Le Royaume-Uni n’a jamais laissé entrer Binance. Les restrictions de 2021 sont restées en place et l’entreprise n’y a à ce jour aucun agrément propre.
En Europe, cela ne s’est pas mieux terminé. Binance n’a pas obtenu d’agrément MiCA et a retiré sa demande grecque le 24 juin 2026 ; à partir du 1er juillet 2026, l’entreprise n’a plus eu le droit de proposer ses services dans l’Espace économique européen.

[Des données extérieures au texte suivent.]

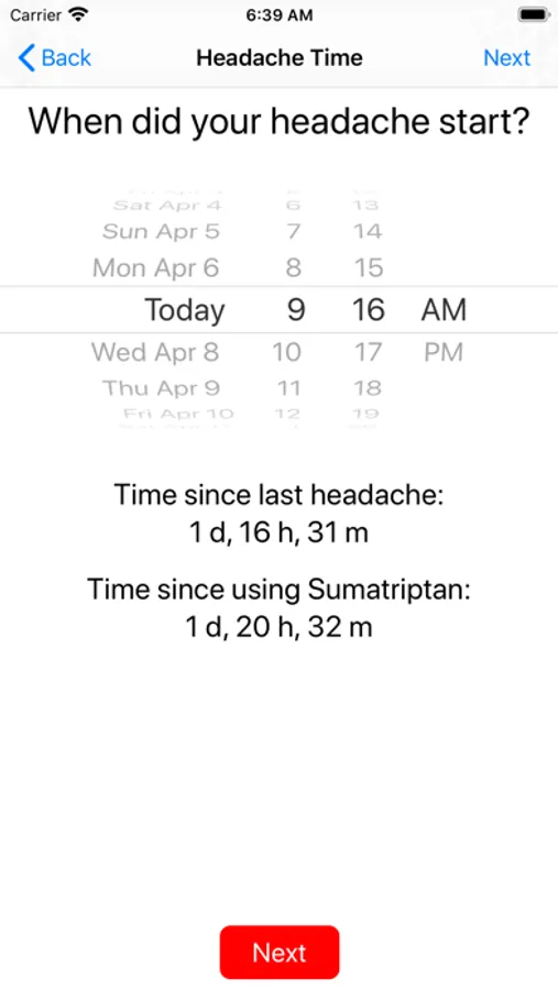 Once you've started tracking a headache, My Head Hurts can also remind you to update your symptoms so you can record changes in your headache's severity and its duration.

Qui choisit une bourse aujourd’hui n’a pas besoin de connaître cette histoire. Mais la question en dessous est la bonne : dans quel registre êtes-vous inscrit, et qui pouvez-vous mettre en cause si les choses tournent mal. C’est exactement ce qu’est un agrément. Et c’est exactement ce qui a été écarté ici pendant trois mois.
Sources
Les messages internes, la proposition d’antidater et la réaction de Changpeng Zhao proviennent de l’enquête de Tom Wilson et Angus Berwick pour Reuters (17 octobre 2022), fondée sur des milliers de messages internes, courriels et documents de 2017 à début 2022 et sur des entretiens avec environ trente anciens salariés, conseillers et partenaires commerciaux. Reuters indique avoir consulté elle-même le document signé. Binance n’a pas répondu sur le fond aux questions ; la FCA n’a pas souhaité commenter cet épisode. Le changement de règles du 10 janvier 2020 et l’exception pour les entreprises existantes relèvent de la politique publique de la FCA, tout comme l’avertissement aux consommateurs de juin 2021. Pour l’accord américain de 4,3 milliards de dollars : le communiqué de presse du ministère américain de la Justice du 21 novembre 2023. Là où ce texte présente une reconstruction journalistique plutôt qu’un fait établi, cela est indiqué explicitement. Date de référence : 1er août 2026.